The role of psychophysics laws in quality of experience assessment: a video streaming case study

The wide range of multimedia services has been attracting more users every day, while the increasing number of users plays an important role in the competitive advantage for network/service providers. Due to the fact that the users are the ones who pay for services, their satisfaction is an important goal for each provider in order to survive in the highly competitive market of multimedia services. Because of the nature of multimedia services, users can instantly detect any quality disturbances. For example, users might tolerate several interruptions during a download or upload process, but they may get irritated as soon as they experience a small amount of voice or video disturbance while they are watching their favorite movie through the internet for instance.

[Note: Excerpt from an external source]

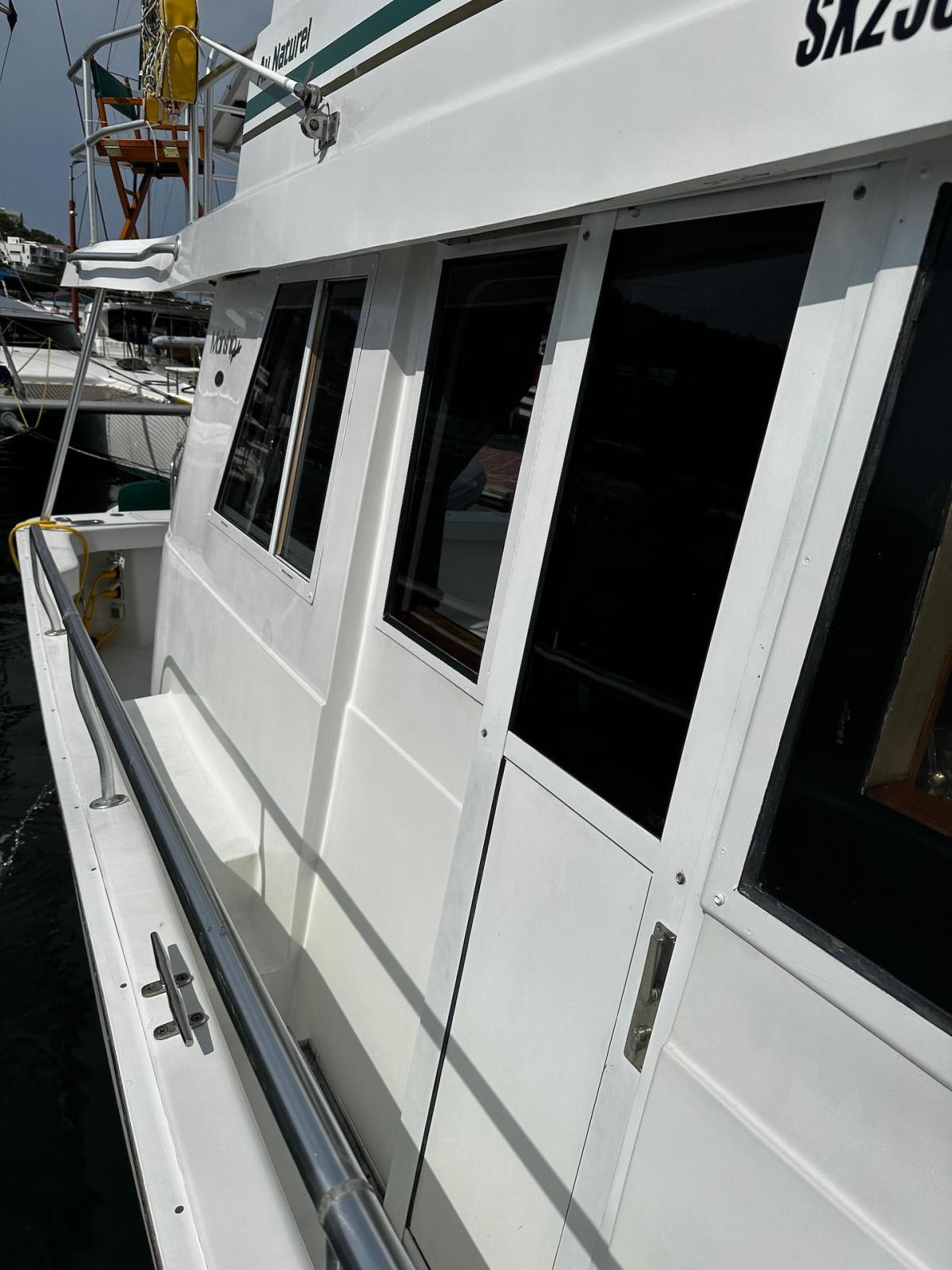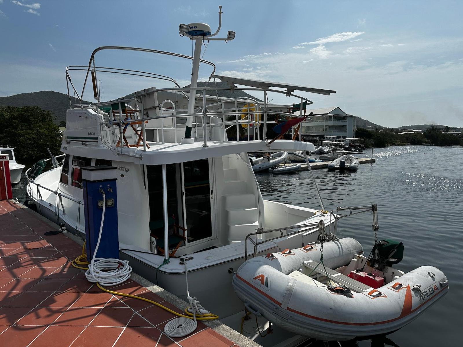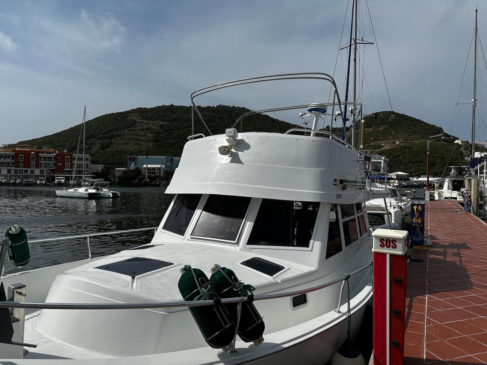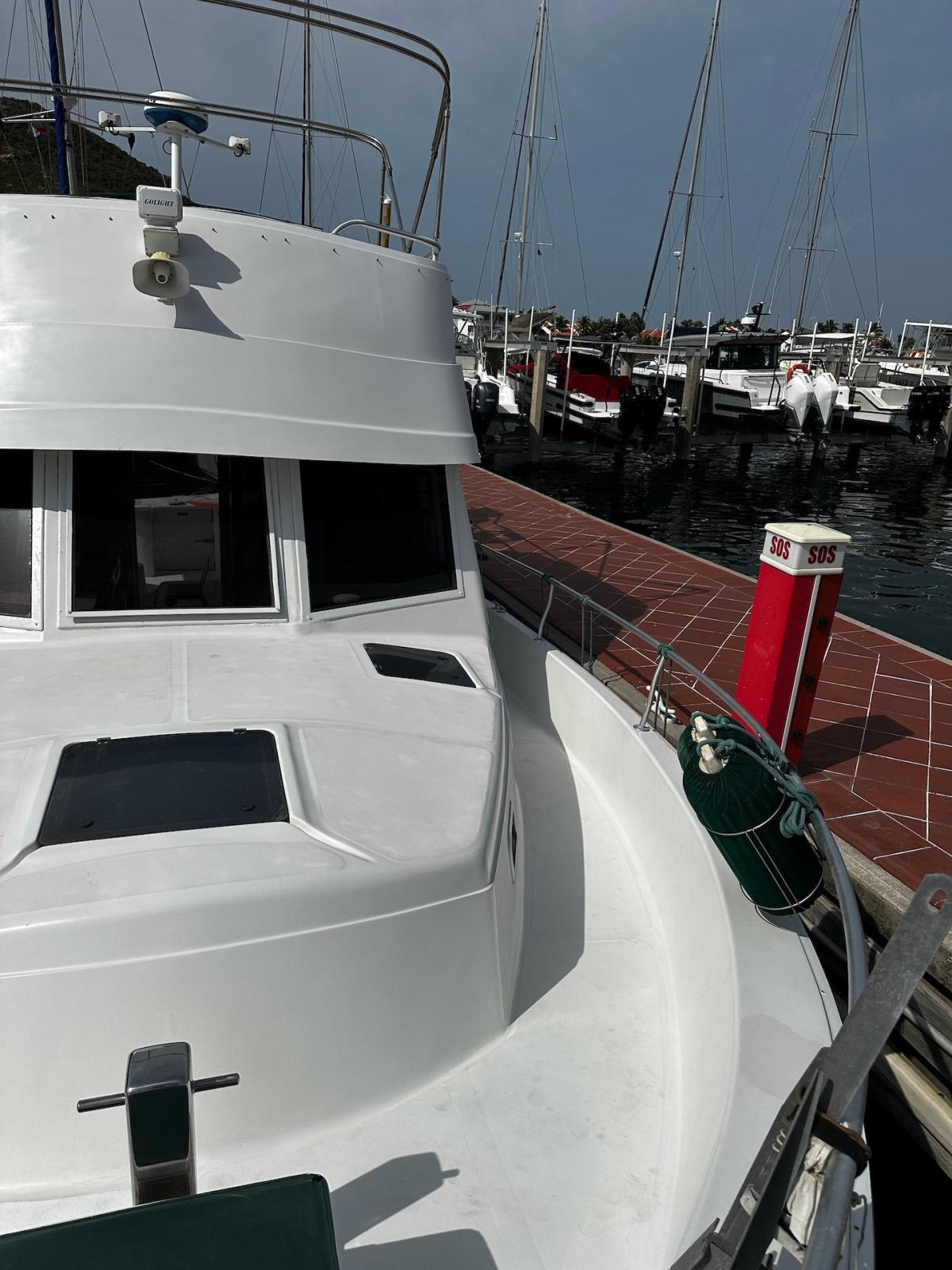 Specification2023/2024 WORKSComplete engine overhaul, everything that needed to be done was done, all oils and filters changed, turbo cartridge, turbo ace housing, turbo rebuild, seawater pump rebuild, engine anti-rust, rode and anodes, impeller, etc.FRESHWATER PUMP 2024Check all batteries + add liquidRepair water heaterRepair aft air conditioningChanged all bilge pumpsClean all bilgesBetter quality custom-made mattresses in the main cabinToilet repairsComplete polishing + waxing LAYOUT 1 x LARGE OWNER’S CABIN1 x CABIN W 2X SINGLE BERTH1 x BATHROOW W. ELECTRIC TOILET AND SEPARATE SHOWER1 X CONVERTIBLE SOFA INTERIOR EQUIPMENTAIR CONDITION MARINE AIR IN SALON AND CABINSFANSSALON CUSHIONS RECENTLY EXCHANGED SOFA FOLDABLE -QUEEN SIZECEILING LIGHTS – LED LARGE TV WITH DVD PLAYER RECENTLY RENEWEDSTEREO -Kenwood CD with fly bridge remote controlGALLEY 3X BURNER STOVE WITH OVEN FRIDGE WITH SEPARATE FREEZERBUILT IN MICROWAVEBUILT IN COFFEE MAKER ELECTRICITYGENSET – ONAN- Kohler 8EOZ INVERTER SOLAR PANEL 250 W W. SMART CONTROLLER4 X SERVICE BATTERIES – 2020ENGINE CAT 3116 – 300 HP- 1600 hrsBOW THRUSTER EXTERIOR EQUIPMENTDAVITS CHROMEDSAMSON POST AT BOW FLYBRIDGE WITH COMFORTABLE SEATING FOR 6 TO 8 PERSONREMOTE CONTROL FOR STEREO AT FLYBRIDGETELEPHONE INTERCOM SYSTEM FROM FLYBRIDGE TO GALLEYRADAR RAYTHEON - 2019LARGE CANVAS BIMINI AT FLYANCHOR EQUIPMENT:2 X Danforths, 150' chain/rope foot-operated controlsDINGHY - Aruba 11’ OUTBOARD - 15hp Yamaha MOORINGBIMINI TOP AND ECNLOSUREBBQ2 TV AND DVD

Thus, quality of experience (QoE) should be maintained at a steady and acceptable level to satisfy users. To do so, it is necessary to identify the contributing factors in the network which affect multimedia quality. Generally speaking, delay, jitter, loss, and bandwidth have considerable impact on multimedia service quality. Because quality of service (QoS) is among the greatest impacting factors of QoE, it seems required to define a quantitative relation between QoE and QoS in order to keep the QoE at an acceptable level. This paper aims to benefit from psychophysics laws to devise quantitative relations which explain the interdependency of QoE and QoS. The proposed quantitative relations are expressed as equations which are then compared in theoretical and experimental setting to indicate which one can better reflect the relationship between QoE and QoS. A video streaming service affected by packet loss was also chosen as a candidate for our test bed. The test-bed results are then estimated by non linear regression and then validated by goodness of fit indexes. In this way, it can be examined how strongly each equation can express the dependency between QoE and QoS.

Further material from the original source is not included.